EDIT: I seem to remember you recently posting about offering to help create a Cathay army for Warhammer Forge- does this mean that this came to fruition? Or are you just asking for kicks?

EDIT2: and tigers. Motherfucking tiger cavalry/chariots.


----------



## neilbatte (Jan 2, 2008)

I still have some of the early Cathayan stuff in my shed, The Samuria riding large dog like creatures were awesome as were some of the the ninja's.
But the bit that interests me most is the hobgoblin wolf tribes.


----------



## The Sullen One (Nov 9, 2008)

Well there's scope for a lot of units, from samurai-style heavy cavalry to ninja-like assasins. Problem is the army would need to stand out with something distinctive and most of the stuff you'd have can already be found in other armies, Dragons in high-elf armies for example, or state troops in the Empire.

Additionally do any of us see GW going out on a limb with a brand-new range? Think about what happened to Kislev, while Araby was only ever avaliable in Warmaster.


----------



## GrizBe (May 12, 2010)

IF Cathay were to be based on ancient China, I think your mostly spot on with your ideas so far. You could easily add in extra bits like your clans and kingdoms within the country, martial artists and other legendary characters from chinese mythology.... The immortals, the Monkey King etc...

Now... You defiantely need your 'Statue' units... they've always been heavy in Chinese myth with your temple dogs, the mentioned Terrocotta Army... which would be a terriffying Elite unit in my mind...

I'm no expert on China, but I always think of Tea and Opium dens.. mostly thanks to modern media... but then you've your epic romances too. Chinese history is littered with tails of forbidden love, Kings building grand monuments for their queens etc. It'd be easy to incorporate some tragic hero types with that kind of background.

China... Fireworks and Dragons. Their famous 'Fire Arrows' were early rockets afterall. 

Also, Alchemy and mystisim... China had alot of excentric mystics experimenting for it with odd believes... fung shoi or however you spell it for one. I remember the story of one Emperor who was fed Jade by his court magicians, in the believe it would replace his flesh and make him immortal... Again, a good starting source for a character or some magic items I think.

Other things... i'd be getting too into Army design with them. I could see them being as something of 'The Eldar of Fantasy', in that they'd have lots of basic troops cheaply armed, but then they'd have groups of elite troopers, the advanced yet ancient technologies, and their 'spirit powered' constructs of the temple guards like the Wraithlords etc.
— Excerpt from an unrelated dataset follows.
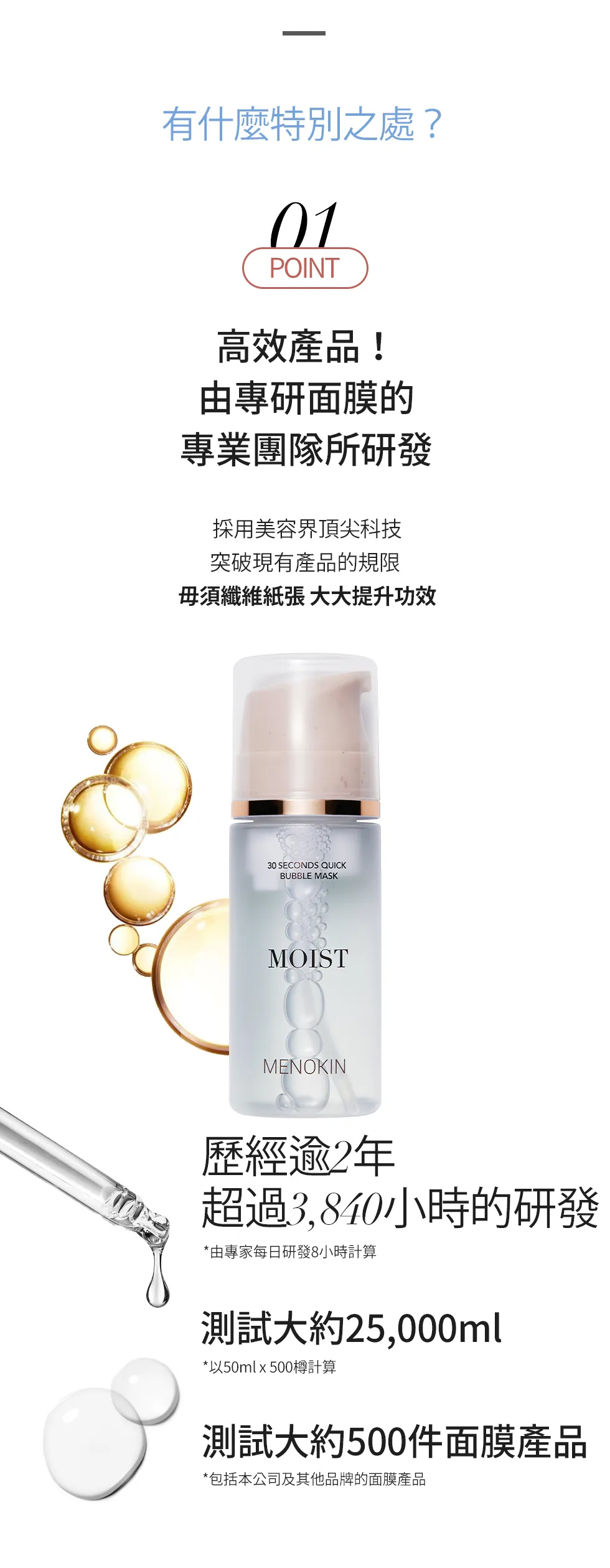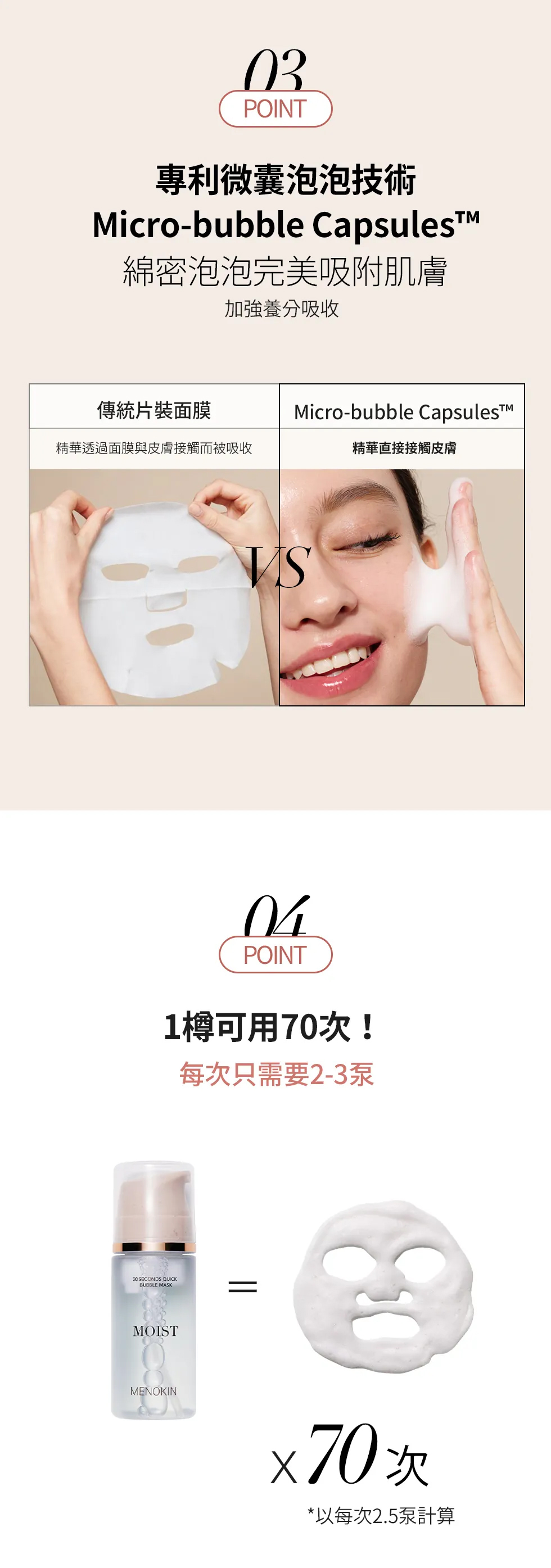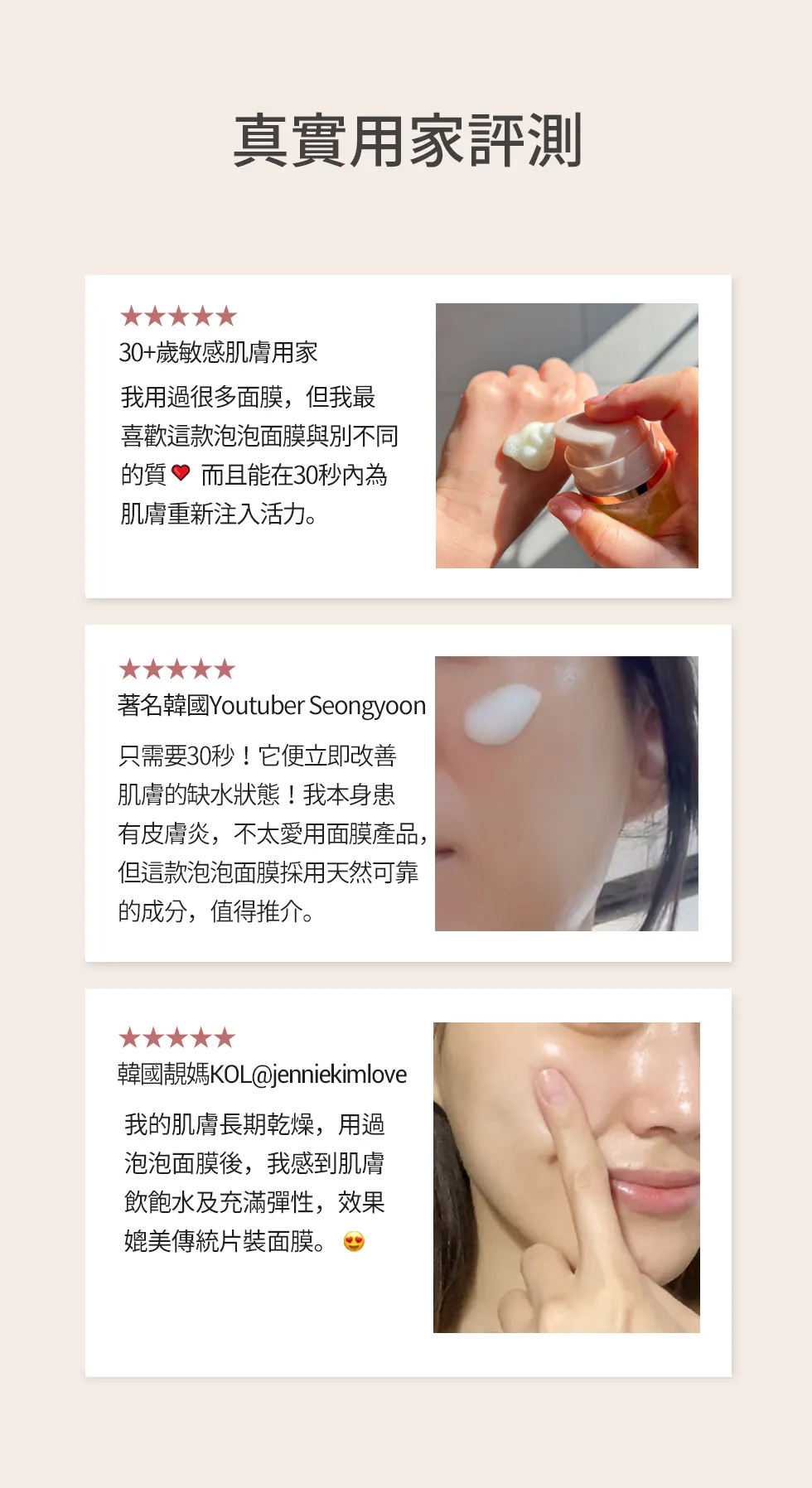 第一步: 取出2-3泵30秒免洗泡泡面膜第二步: 塗抹全臉,輕輕按摩第三步: 等待30秒直至完全吸收

Background... Watch the Jet Li movies Hero and Forbidden Kingdom. I think they would fit well with a kind of 'flavour' for the world. That and Warlords. All three would give you a great background flavour for Cathay I feel.


----------



## GrizBe (May 12, 2010)

The Sullen One said:


> Well there's scope for a lot of units, from samurai-style heavy cavalry to ninja-like assasins. Problem is the army would need to stand out with something distinctive and most of the stuff you'd have can already be found in other armies, Dragons in high-elf armies for example, or state troops in the Empire.
> 
> Additionally do any of us see GW going out on a limb with a brand-new range? Think about what happened to Kislev, while Araby was only ever avaliable in Warmaster.


Except Samurai and Ninja are Japanese, not Chinese. 

Also, they didn't support Kislev well enough and it was seen as 'just another flavour of empire' rather then an army in its own right.


----------



## Aramoro (Oct 7, 2009)

I guess in terms of ancient history China is characterised by Gunpowder and lots and lots of infantry. I like your Ideas about ying/yang wizarding action. Also lots of reason to add in an Imperial Dragon. You could make a War Altar based on Temple Dogs as well.


----------